First, Goldman Sachs accepted $10 billion in government money under the Troubled Asset Relief Program (TARP), so it is gambling with taxpayer money.

But the bigger thing to remember is this:  The firm may be living up to its nickname – Government Sachs – and might be doing the government’s bidding.

The stock market rally these past seven weeks has certainly made it easier for the Obama administration to do its job.  That, plus a little fancy accounting during the first quarter, has calmed peoples’ nerves quite a bit.

Rallies on Wall Street, of course, are good things – unless it turns out that some people know the government is rigging the stock market and you don’t.

That brings me to something called The President’s Working Group on Financial Markets, which is commonly referred to as the Plunge Protection Team.

As I wrote in last Thursday’s column, the Team has disappeared.

Try finding The President’s Working Group at the US Treasury and you won’t.

The guys and girls that Treasury Secretary Hank Paulson relied on so heavily last year when he was forcing Bank of America to buy Merrill Lynch and when he was waterboarding other firms into coming to Wall Street’s rescue has gone underground.

Anybody who has read this column for long enough knows what I think, that the President’s Working Group Plunge Protectors have, in the past, tinkered with the financial markets.

We’ll let interrogators in some future Congressional investigation decide whether or not they did so legally.

But right now, I smell a whiff of Goldman in this market. Breath in deeply, it’s intoxicating – and troubling.
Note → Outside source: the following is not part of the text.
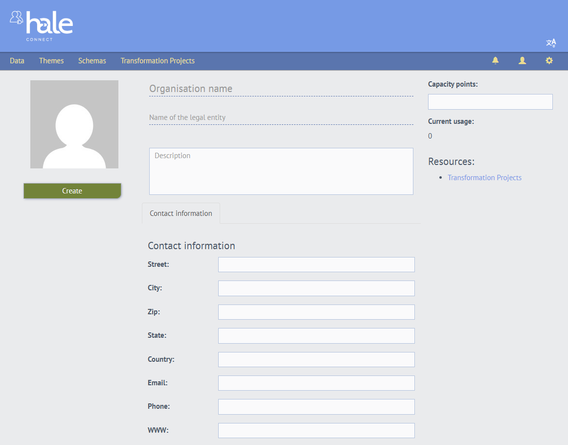 - Click «Create». Then you see the editing view of the organisation where you can apply further configuration. Further information can be found in the section Edit and delete organisation profile.

Could Goldman Sachs be involved in a conspiracy to manipulate the stock markets?  Paul Farrell of MarketWatch has been writing about the “Goldman Conspiracy” for over a month.  You can read about it here and here.  In his May 4 article, he set out the plot line for a suggested, thirteen-episode television series called:  The Goldman Conspiracy.  I am particularly looking forward to the fourth episode in the proposed series:

Episode 4. ‘Goldman Conspiracy’ is manipulating stock market

“Something smells fishy in the market. And the aroma seems to be coming from Goldman Sachs,” says John Crudele in the New York Post.  Stocks prices soaring.  “So, who’s moving the market?”  Not the little guy.  “Professional traders, with Goldman Sachs leading the way.”   NYSE numbers show “Goldman did twice the number of so-called big program trades during the week of April 13,” over a billion shares, creating “a historic rally despite the fact that the economy continues to be in serious trouble.”   Then he tells us why: Because the “Goldman Conspiracy” is using TARP and Fed money, churning the markets.  They are “gambling with taxpayer money.”

It’s nice to know that other commentators share my suspicions … and better yet:   Some day I could be watching a television series, based on what I once considered my own, sensational conjecture.